第10話
「なに……してるの?」
りえとソラが同時に声を合わせる。
「いや……、別に」
ハハハハハ、と乾いた笑いを見せて、国方と安田は言った。
☆☆☆
結局準備室には四人がいた。
「別に同性愛がいけないとかじゃなくて」
「そうそう、それは個人のことですし」
りえとソラのキスシーンを見てしまって、男二人は必死にそう言っていた。
「別に、キスしたの見られてもどうってことないわよ」
と、ソラが言う。
「そ、そうですよね」
慌てて笑みを返す安田。
「でも、盗み見なんてねぇ」
りえは眉をよせたまま国方を見ている。
「それより! 昨日面白いもの地下室で見つけたんだけど」
話題を変えるように、突然国方が言い出した。
「面白いもの?」
ソラが聞き返す。
「あぁ、地下室って教室がいくらかあるだろ? その中の一つが開いてたんだ」
「開いてたって、資料室じゃないの?」
りえが昨日のことを思い出す。
たしか、自分が来る前に国方があの部屋に入っていた。
「資料室はいつだって開いてるわよ、私も何度かタバコ吸いに入ったし」
ソラが横からそう言い、りえと安田は目を見開く。

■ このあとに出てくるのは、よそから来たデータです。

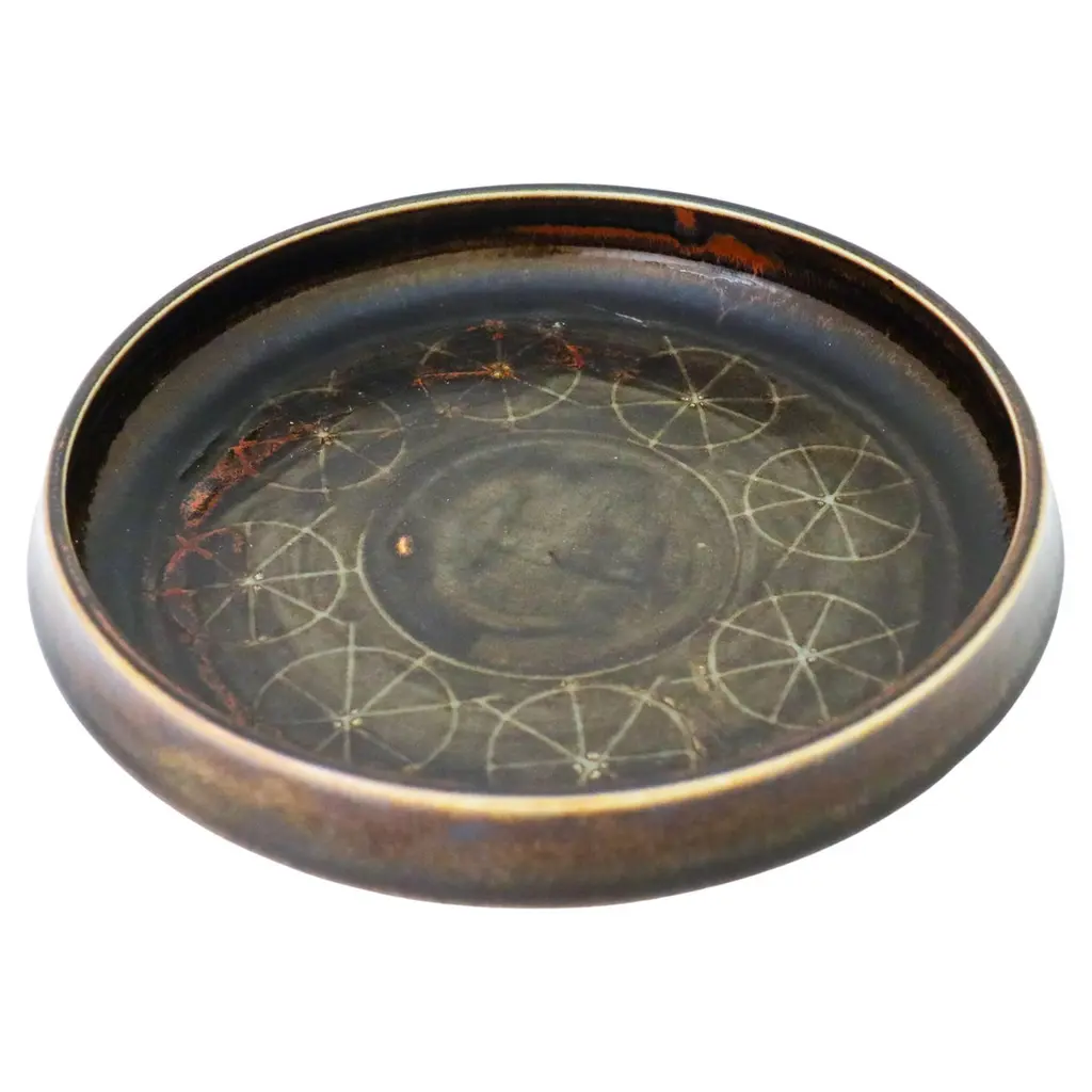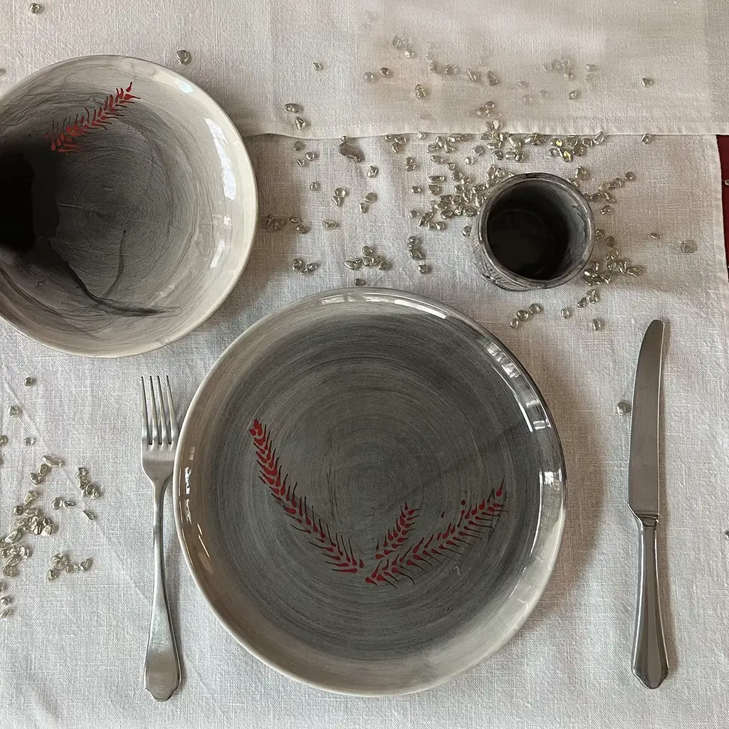 A delicate yet intriguing red enamel decoration reminiscent of spikes adorns this superb ceramic dinner plate from the Xmas Gio Collection. Deftly hand-painted with irregular dark brushstrokes using non-toxic oxides, it was decorated with the purpose of creating a singular piece able to accent contemporary festive tables. Other versions are available.

まさか、タバコを吸っているとは知らなかった。
「あぁ、資料室じゃなくて、地下に下りて二番目の左側の教室。あそこも鍵が開いてたんだ」
「嘘、資料室以外は全部鍵かかってるハズよ」
と、りえが言う。
「いや、間違いなく開いてた。それでちょっとその教室に入ってみたんだけどさ、なんか変な女の子がいたんだよ」
そう言う国方の言葉に、りえ以外が「えぇ~」と眉をよせる。
「女の子?」
りえが聞き返す。
「あぁ、赤いスカートにフリ……」
「フリルのついたシャツ」
最後の言葉をりえが繋ぐ。
「え……。何でわかったの?」
国方が驚いたように見つめる。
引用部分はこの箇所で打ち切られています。